Like-kind exchange is a transaction that allows for the disposal of an asset (used in a trade or business or held for the production of income) and the acquisition of another replacement asset (of the same class) without generating a current tax liability from the sale of the first asset.

To achieve full tax deferral:
• Reinvest the entire net equity (net proceeds) in one or more replacement properties.
• Acquire one or more replacement properties with the same or a greater amount of debt.

Two main requirements must be met for a delayed exchange:

  • The replacement like-kind property (or properties; multiple properties may be identified) to be received must be identified (clearly and unambiguously) within 45 days of the date the old property was given up.
  • Secondly, the replacement like-kind property must be delivered within 180 days of that same date (or, if earlier, the due date of the return). More than one replacement property may be identified.

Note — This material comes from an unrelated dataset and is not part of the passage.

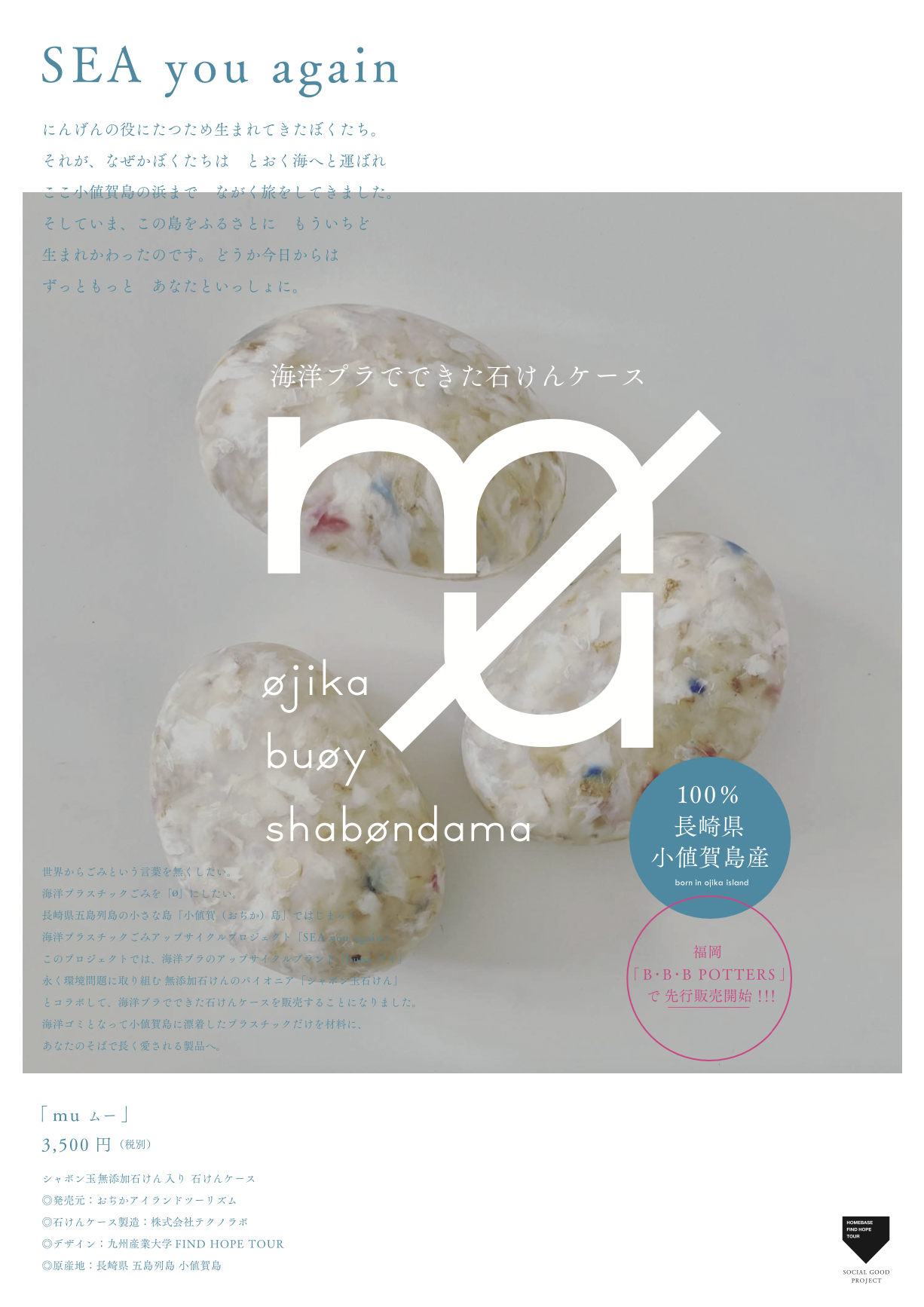 無添加石けんのパイオニアであるシャボン玉石けん株式会社(本社:福岡県北九州市/代表取締役社長 森田隼人)は、九州産業大学、五島列島の北部にある「小値賀島」、プラスチックメーカー「テクノラボ」とコラボレーションいたしました。「小値賀島の海洋ゴミのアップサイクルにより誕生した石けんケース」と「シャボン玉浴用」がセットになった「石けんケースmu(ムー)」を、2022年8月30日(火)より小値賀アイランドツーリズムおよびB・B・B POTTERS(スリービーポッターズ)店頭にて発売開始いたします。

Qualified intermediaries may be used to facilitate such exchanges; however, at no time may a party have constructive receipt of any funds in escrow (this is a sale).

The presence of “boot” (non-like kind property) in a transaction may cause the recognition of gain or loss. This is true, for example, when monetary boot is received or non-monetary boot given.

I created this blog to help understand certain basic aspects of U.S. tax law. Of course, each situation is unique and nothing that is on this site will ever replace the expert advice of a tax professional.